Ein Kombilohn ist eine Subvention, je nach dem durch Lohnkostenzuschuss an den Arbeitnehmer oder -geber, die nur gewährt wird, wenn eine Person eine Erwerbstätigkeit aufnimmt. Es handelt sich also um eine zweckgebundene Subvention, eine Lohnaufstockung durch staatlichen Transfer. Wo keine Erwerbstätigkeit aufgenommen wird, kommt der Kombilohn nicht zustande. Das bGE hingegen ist eine personengebundene, jedoch zweckungebundene Subvention, es wird qua Staatsbürgerschaft oder dauerhafter Aufenthaltsberechtigung gewährt. Es handelt sich also um einen grundsätzlichen Unterschied: das bGE stützt die Person, der Kombilohn das Beschäftigungsverhältnis.

Verwirrung oder absichtliche Irreführung liegt vor, wenn – auch von Grundeinkommensbefürwortern – manchmal behauptet wird, das bGE wirke wie ein Kombilohn. Wer nur die rechnerische Seite betrachtet, mag dazu verführt werden, vom Ergebnis her auf die Verhältnisse zu schauen: Einkommenshöhe ohne bGE (Lohn: 2000 Euro) = Einkommen mit bGE (bGE: 1000 + Lohn: 1000). Die Summe könnte dieselbe sein, aber sie kommt auf anderem Wege zustande. Ob sie dieselbe wäre, hängt davon ab, wie Mitarbeiter und Unternehmen verhandeln. Mit bGE ist dem Einzelnen immer Verhandlungsmacht und Sicherheit gegeben, mit Kombilohn nicht, weil er von der Beschäftigung abhängt. Ein Unterschied ums Ganze also.
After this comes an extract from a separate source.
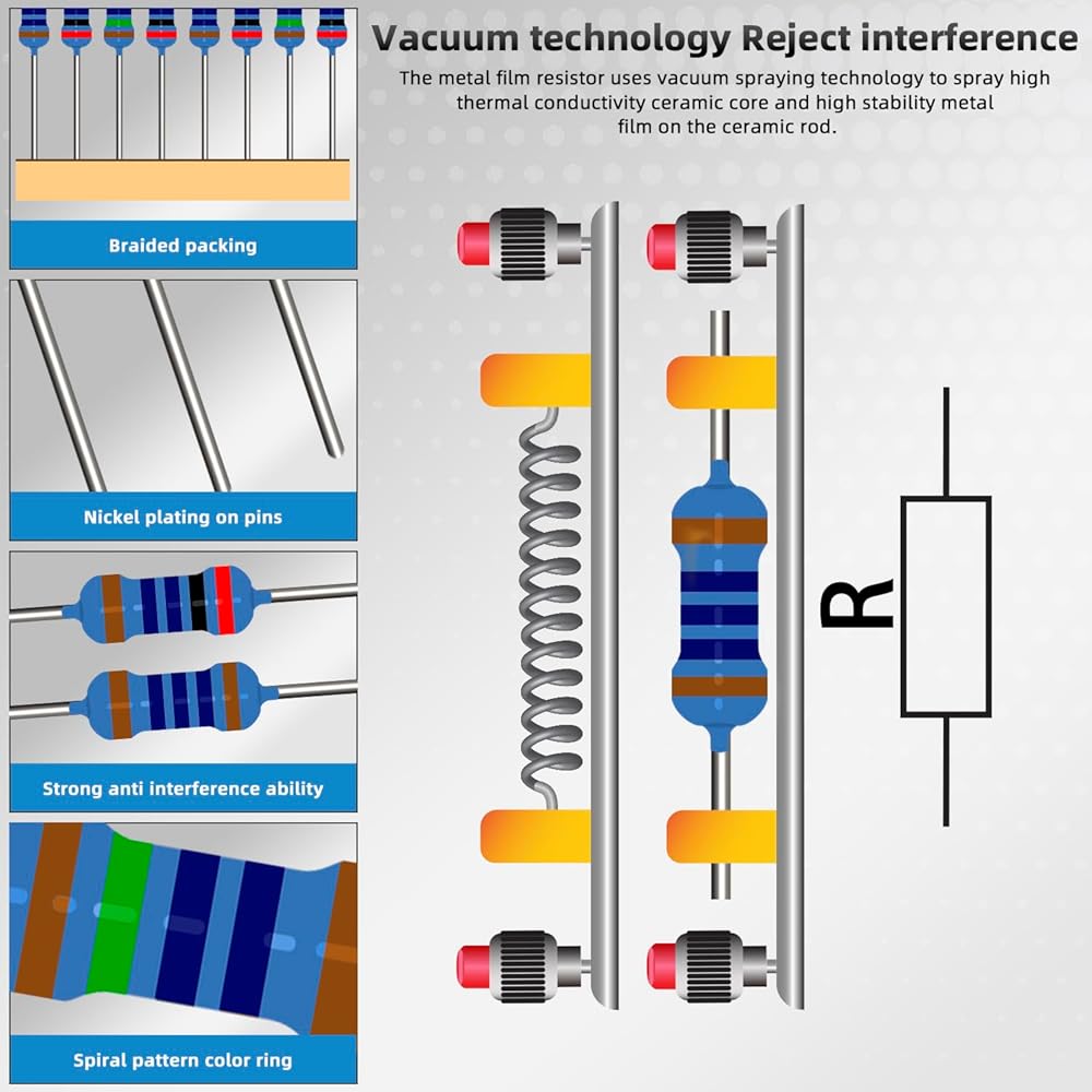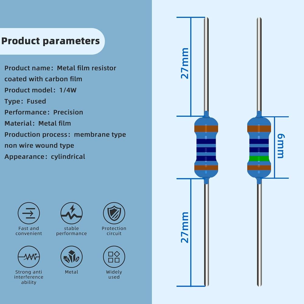 • أداء عالي الدقة: كل مقاوم مصنوع من طبقة كربونية أو معدنية، مما يوفر ثباتًا ودقة ممتازين، ومناسب لتصميم الدوائر الدقيقة.

Wenn nun darüber hinaus behauptet wird, ein bedingungsloses Grundeinkommen habe nur dann diese Bezeichnung verdient, wenn es mit einem Mindestlohn verbunden werde, dann steht dahinter eine bestimmte Werthaltung (siehe hier und auch hier). Es soll damit offenbar eine Etikettierung in gute und schlechte bzw. in richtige und falsche Grundeinkommensvorschläge vorgenommen werden. Dabei lässt sich an dieser Argumentation für ein bGE plus Mindestlohn manches ablesen:

  • dass diejenigen, die das fordern, Erwerbstätige besser stellen wollen als Nicht-Erwerbstätige. Es soll ihnen eine zusätzliche Absicherung geboten werden über das bGE hinaus;
  • dass die Befürworter dieser Kombination Erwerbstätigkeit höher bewerten als andere Tätigkeiten, denn sonst würden sie nicht für die zusätzliche Absicherung plädieren. Statt diese Überbewertung zu überwinden, halten sie an ihr fest;
  • dass sie den Bürgern im allgemeinen nicht zutrauen, so zu verhandeln, wie es den jeweiligen Vorstellungen entspricht. Jeder hätte das Ergebnis, das er aushandelt, auch zu verantworten, denn mit einem bGE wäre er auf den Lohn nicht angewiesen.

Verhandlungsmacht? Jüngst wurde ich nach einem Vortrag gefragt, was denn geschähe, wenn in einer Stadt, in der es nur vier Unternehmen gäbe, diese sich absprächen, so dass keine Verhandlungen über ein bestimmtes Lohnniveau hinaus möglich wären. Die Antwort war einfach: dann wäre es notwendig, dass sich diejenigen, die höhere Löhne erzielen wollen, organisieren. So sind einst die Gewerkschaften entstanden.

Ein bGE kommt nicht von alleine, wir müssen uns dafür einsetzen. Wer daran zweifelt, dass dies etwas bringe, der schaue auf die Entwicklung der Grundeinkommensdebatte in den letzten Jahren.